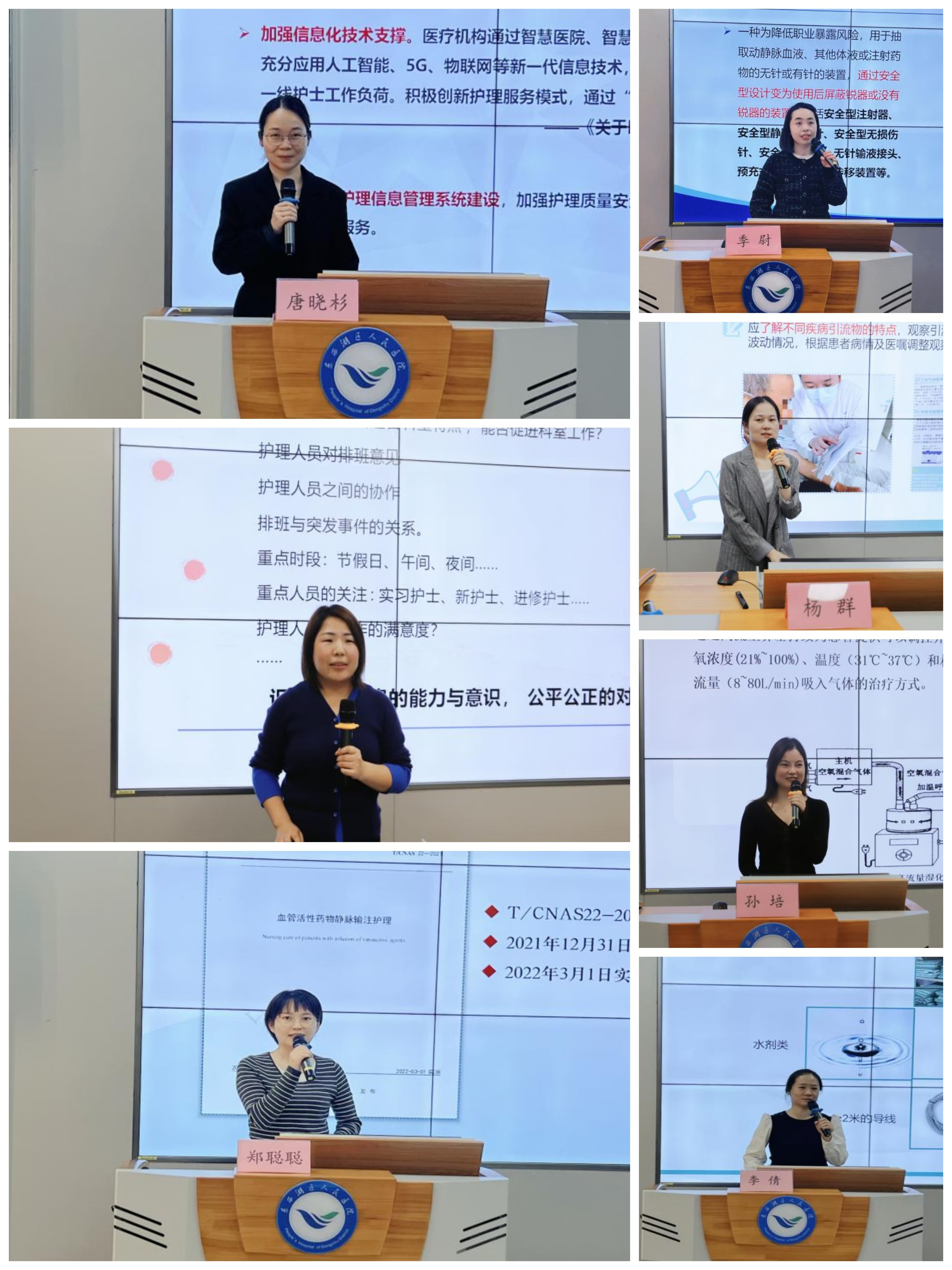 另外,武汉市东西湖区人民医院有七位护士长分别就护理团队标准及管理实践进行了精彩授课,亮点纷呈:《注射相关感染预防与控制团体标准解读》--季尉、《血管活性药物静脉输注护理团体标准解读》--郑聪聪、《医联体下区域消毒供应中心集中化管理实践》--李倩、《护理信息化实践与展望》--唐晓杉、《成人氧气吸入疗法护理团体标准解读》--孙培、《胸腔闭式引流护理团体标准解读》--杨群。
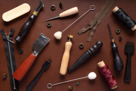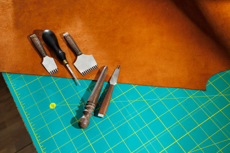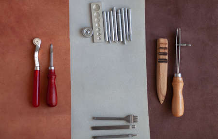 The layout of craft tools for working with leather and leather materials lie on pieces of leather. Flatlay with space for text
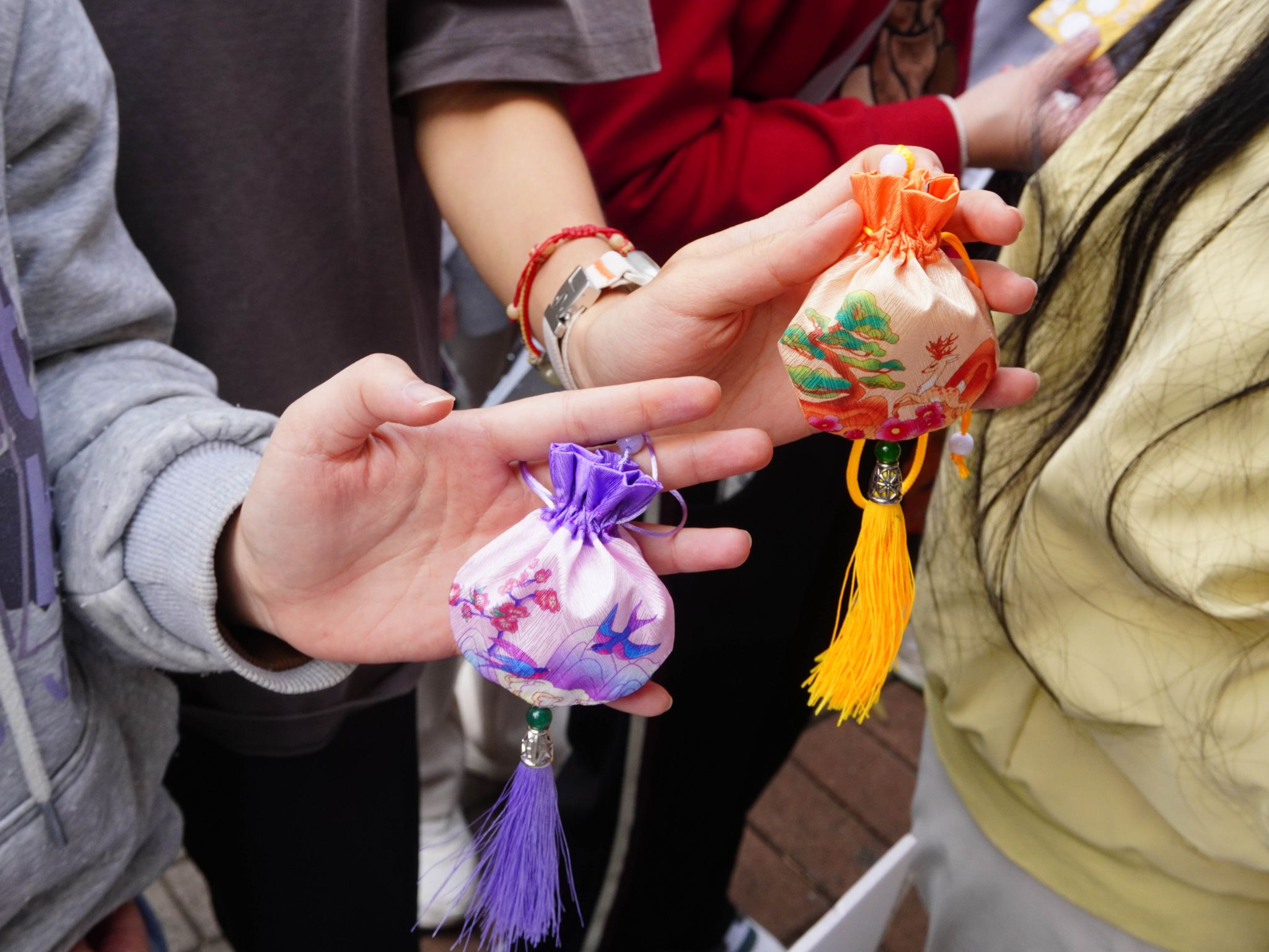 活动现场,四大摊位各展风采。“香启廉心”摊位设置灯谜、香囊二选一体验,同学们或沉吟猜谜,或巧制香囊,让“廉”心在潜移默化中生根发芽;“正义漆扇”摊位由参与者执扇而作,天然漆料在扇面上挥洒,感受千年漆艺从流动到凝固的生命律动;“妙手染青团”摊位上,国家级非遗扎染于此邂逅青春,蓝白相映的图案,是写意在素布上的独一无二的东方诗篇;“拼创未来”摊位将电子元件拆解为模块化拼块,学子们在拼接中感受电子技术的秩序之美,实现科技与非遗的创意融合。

...

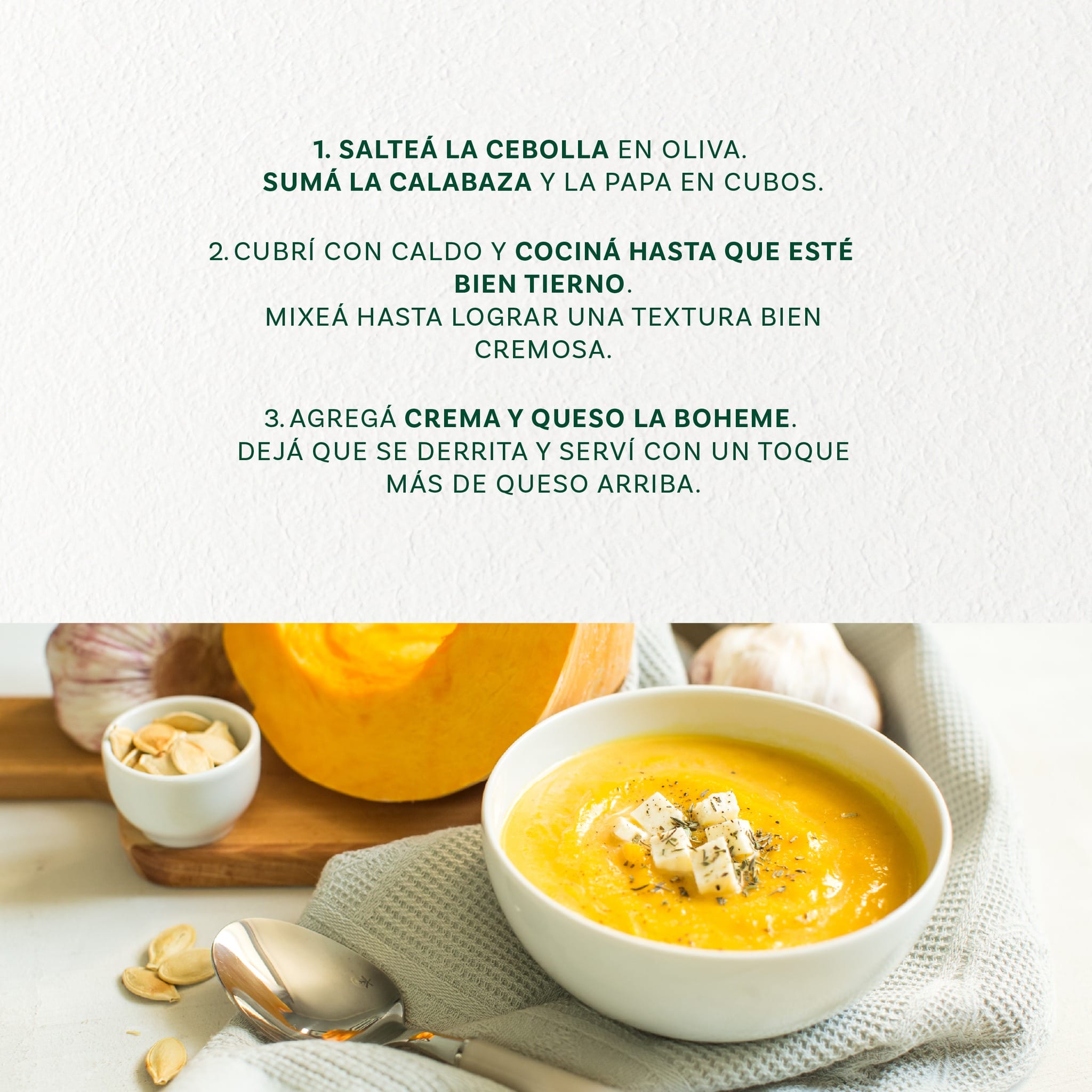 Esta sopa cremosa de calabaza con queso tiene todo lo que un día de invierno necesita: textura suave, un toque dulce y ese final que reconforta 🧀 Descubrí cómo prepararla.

ACTIVITY
Return, exactly as they stand, the lines above from the one with "另外,武汉市东西湖区人民医院" to the one with "活动现场,四大摊位各展风采。", omitting any pictures among them.

SOLUTION TO THIS PROBLEM
 另外,武汉市东西湖区人民医院有七位护士长分别就护理团队标准及管理实践进行了精彩授课,亮点纷呈:《注射相关感染预防与控制团体标准解读》--季尉、《血管活性药物静脉输注护理团体标准解读》--郑聪聪、《医联体下区域消毒供应中心集中化管理实践》--李倩、《护理信息化实践与展望》--唐晓杉、《成人氧气吸入疗法护理团体标准解读》--孙培、《胸腔闭式引流护理团体标准解读》--杨群。
 The layout of craft tools for working with leather and leather materials lie on pieces of leather. Flatlay with space for text
 活动现场,四大摊位各展风采。“香启廉心”摊位设置灯谜、香囊二选一体验,同学们或沉吟猜谜,或巧制香囊,让“廉”心在潜移默化中生根发芽;“正义漆扇”摊位由参与者执扇而作,天然漆料在扇面上挥洒,感受千年漆艺从流动到凝固的生命律动;“妙手染青团”摊位上,国家级非遗扎染于此邂逅青春,蓝白相映的图案,是写意在素布上的独一无二的东方诗篇;“拼创未来”摊位将电子元件拆解为模块化拼块,学子们在拼接中感受电子技术的秩序之美,实现科技与非遗的创意融合。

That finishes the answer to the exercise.